» **Task to carry out**
An exact copy of all the data, minus the images, is required.

» **Recorded information**
- - - - -
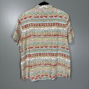 Women's plus size lightweight button up shirt by Alfred Dunner. This earth tone colored top has a tribal print in red, blue, green, and tan, short sleeves, and shoulder pads. It is 100% polyester.
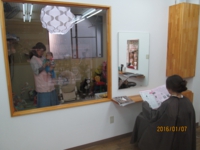子供連れの母親層が安心して長時間のヘアケアを受けるための様々な工夫がなされている。保育士さんが常駐している託児所付きの美容室で、赤ちゃんや幼児のいるお母さんが安心してヘアケアを受ける間、ガラス戸越に保育士さんが幼児のケアに対応。
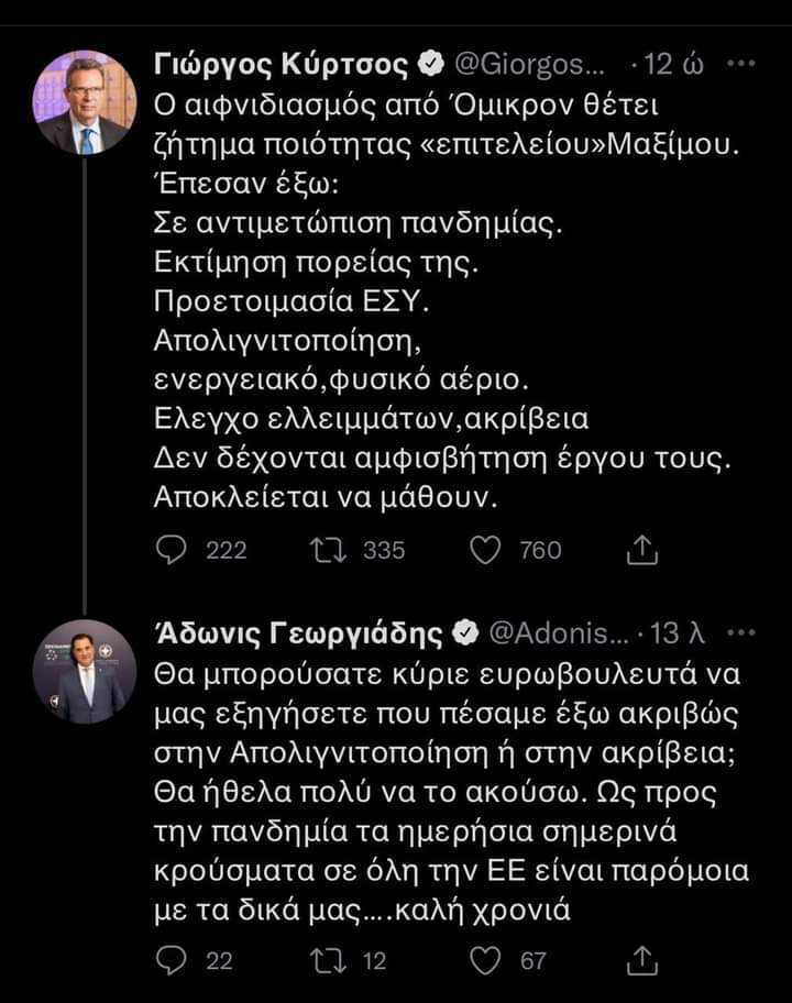 Συγκεκριμένα ο ευρωβουλευτής της ΝΔ, Γιώργος Κύρτσος, έκανε μια επικριτική ανάρτηση στο Twitter και ο υπουργός Ανάπτυξης, Άδωνις Γεωργιάδης, του απάντησε και προσπάθησε να τον διαψεύσει.
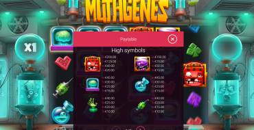 Mutagenes — это видеослот с игровым полем 6х4 и 4096 способами выигрыша. Выигрышные комбинации формируются при совпадении одинаковых знаков слева направо. Диапазон ставок — от 10 до 5000 монет за одно вращение. В игре также доступны каскадные выигрыши с растущим множителем. Максимальный выигрыш — будет 12000x от ставки.
- - - - -
» **Solution to this exercise**
 Women's plus size lightweight button up shirt by Alfred Dunner. This earth tone colored top has a tribal print in red, blue, green, and tan, short sleeves, and shoulder pads. It is 100% polyester.
子供連れの母親層が安心して長時間のヘアケアを受けるための様々な工夫がなされている。保育士さんが常駐している託児所付きの美容室で、赤ちゃんや幼児のいるお母さんが安心してヘアケアを受ける間、ガラス戸越に保育士さんが幼児のケアに対応。
 Συγκεκριμένα ο ευρωβουλευτής της ΝΔ, Γιώργος Κύρτσος, έκανε μια επικριτική ανάρτηση στο Twitter και ο υπουργός Ανάπτυξης, Άδωνις Γεωργιάδης, του απάντησε και προσπάθησε να τον διαψεύσει.
 Mutagenes — это видеослот с игровым полем 6х4 и 4096 способами выигрыша. Выигрышные комбинации формируются при совпадении одинаковых знаков слева направо. Диапазон ставок — от 10 до 5000 монет за одно вращение. В игре также доступны каскадные выигрыши с растущим множителем. Максимальный выигрыш — будет 12000x от ставки.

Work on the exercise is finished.